After rebooting I got to the grub menu. All options were there. Looks nice. Except for the fact that Windows did not want to start, some MSDK (sorry, did not write down the name) file or whatever was missing. (I heard this is a Vista problem and the file connected to the error does not even exist on any XP system). Worse than XP not starting was the error message I got from my login screen.
"The configuration defaults for gnome-power-manager have not been loaded. Please contact your administrator."
So I did. I talked to myself and had to admit to the user that I did not have a solution at hand. User upset, administrator too. (They are no longer talking to each other.) Login is accepted, but after that nothing. Just a black screen with a mouse-pointer that can be moved around. Nada mas. Before getting to the login screen, there was something else that drew my attention, but again, I did not know what it meant. The error-message:
fsck from util-linux-ng 2.16 is udevd [527]: NAME: "%k" is superfluous and breaks kernel supplied names, please move it from /etc/udev/rules.d/51-hso-udev.rules:124
* stopping the Firestarter firewall...
9.10: clean, 467963/3055616 files, 8323370/12205383 blocks
[code]...
SuperGrub. It allowed me to boot, but thats it. No further steps taken, if only because SuperGrub does not support the EXT4 filesystem (yet?).I have heard people were able to get to their desktop after receiving this error by using a root account they had previously created. I dont have one, so that would not work.So, I did the three finger salute, stopped the gdm from the terminal, moved gconfd to somewhere else, hoping a new file would be created and the problem would be solved with that, but no. Restarted gdm, it worked but the problem remained.

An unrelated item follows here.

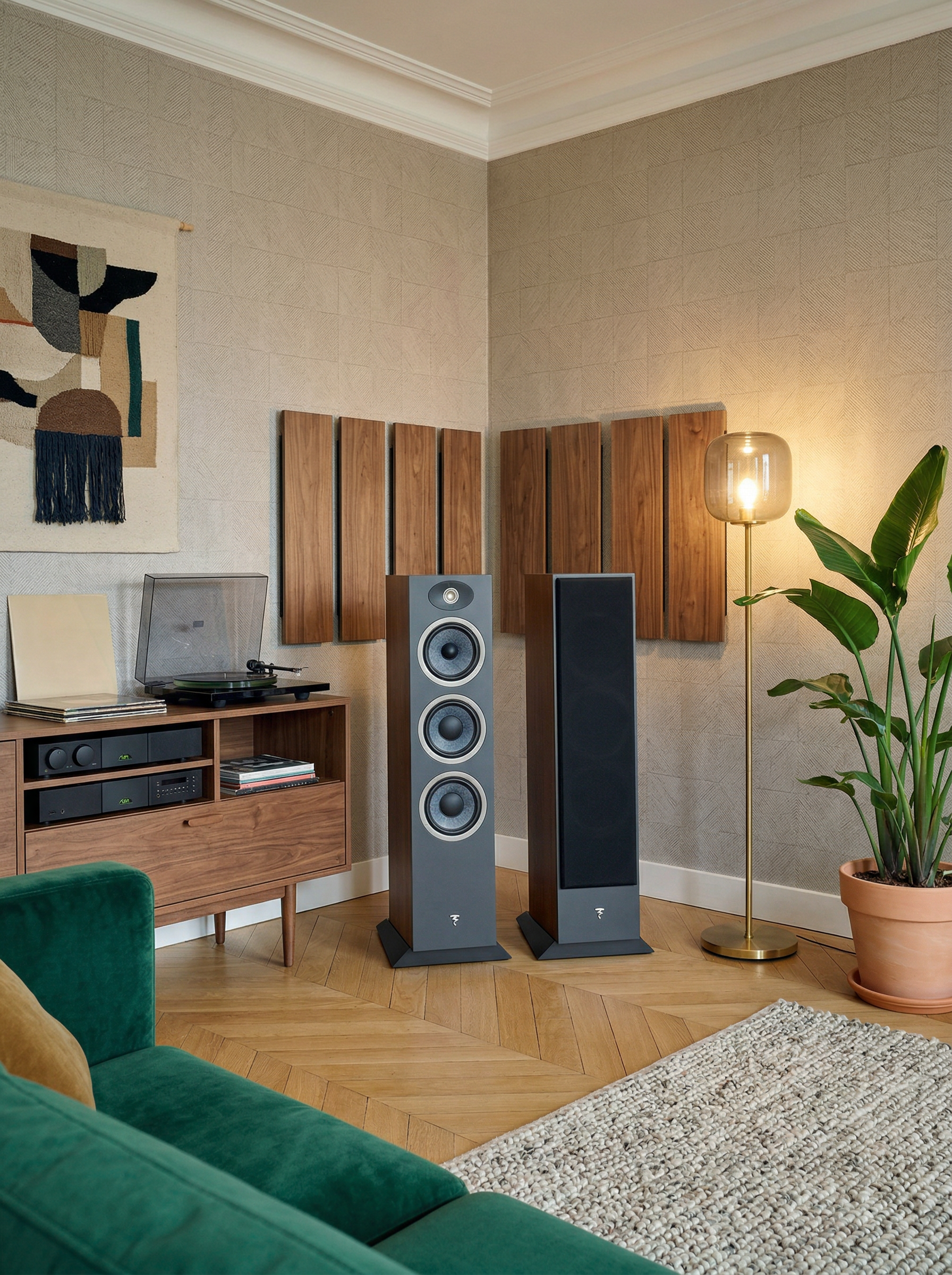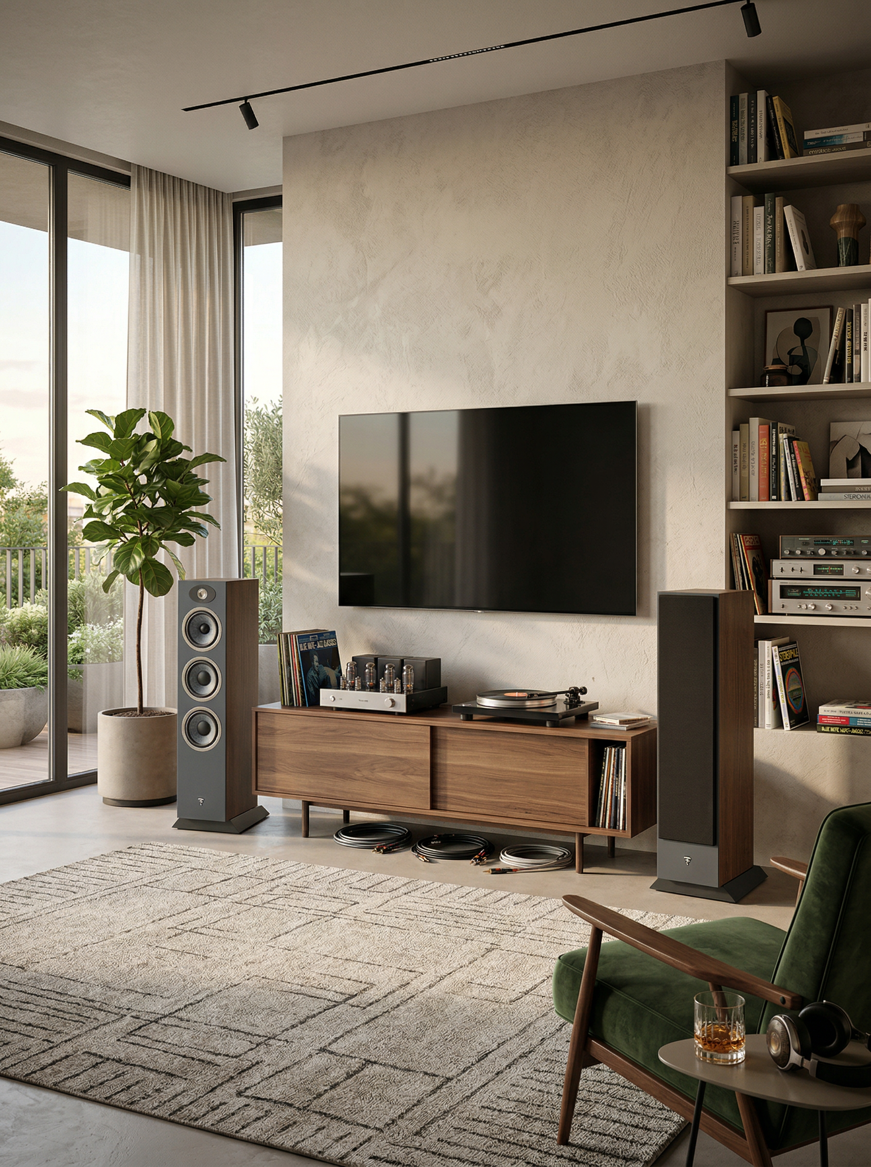 Los Focal Theva N3 pueden instalarse como altavoces frontales izquierdo y derecho en una sala mediana o grande (idealmente desde 18–20 m²), ubicándolos separados entre sí entre 2 y 3 metros y formando un triángulo equilátero con el punto de escucha, ligeramente orientados hacia el oyente para mejorar la imagen estéreo; es recomendable dejarlos a unos 30–50 cm de la pared trasera para que los puertos bass-reflex trabajen correctamente sin reforzar excesivamente los graves. Deben conectarse a un amplificador estéreo integrado o a un receptor AV de potencia adecuada mediante cable de parlante de cobre libre de oxígeno (OFC) calibre 12 o 14 AWG, asegurando conexiones firmes con bananas o cable pelado bien ajustado, y como fuentes pueden integrarse un televisor (vía HDMI eARC al receiver), un streamer de música, tocadiscos con preamplificador phono o reproductor de CD; además, pueden complementarse con un canal central, altavoces surround y un subwoofer activo si se busca un sistema 5.1 para cine en casa. Para optimizar el rendimiento acústico, el espacio debe contar con alfombras, cortinas o mobiliario que ayuden a controlar reflexiones y evitar superficies excesivamente reflectantes o esquinas muy cerradas, logrando así un sonido equilibrado, potente y bien definido en un entorno doméstico real.

Ok. Perhaps a reinstall of the GDM might work, I thought. Well, it might, but the problem is I have no internet connection and the usual way I connect my laptop is through phone-tethering. Not having a desktop will not allow me to make a connection.So, sudo apt-get --reinstall install gnome-power-manager did not work as an active connection is required. Also I dont know if that is going to solve the problem.So now I am in the dark. I have booted up a live CD, mounted my HD partition in order to check my /root/.Xauthority, but I could not even find the file.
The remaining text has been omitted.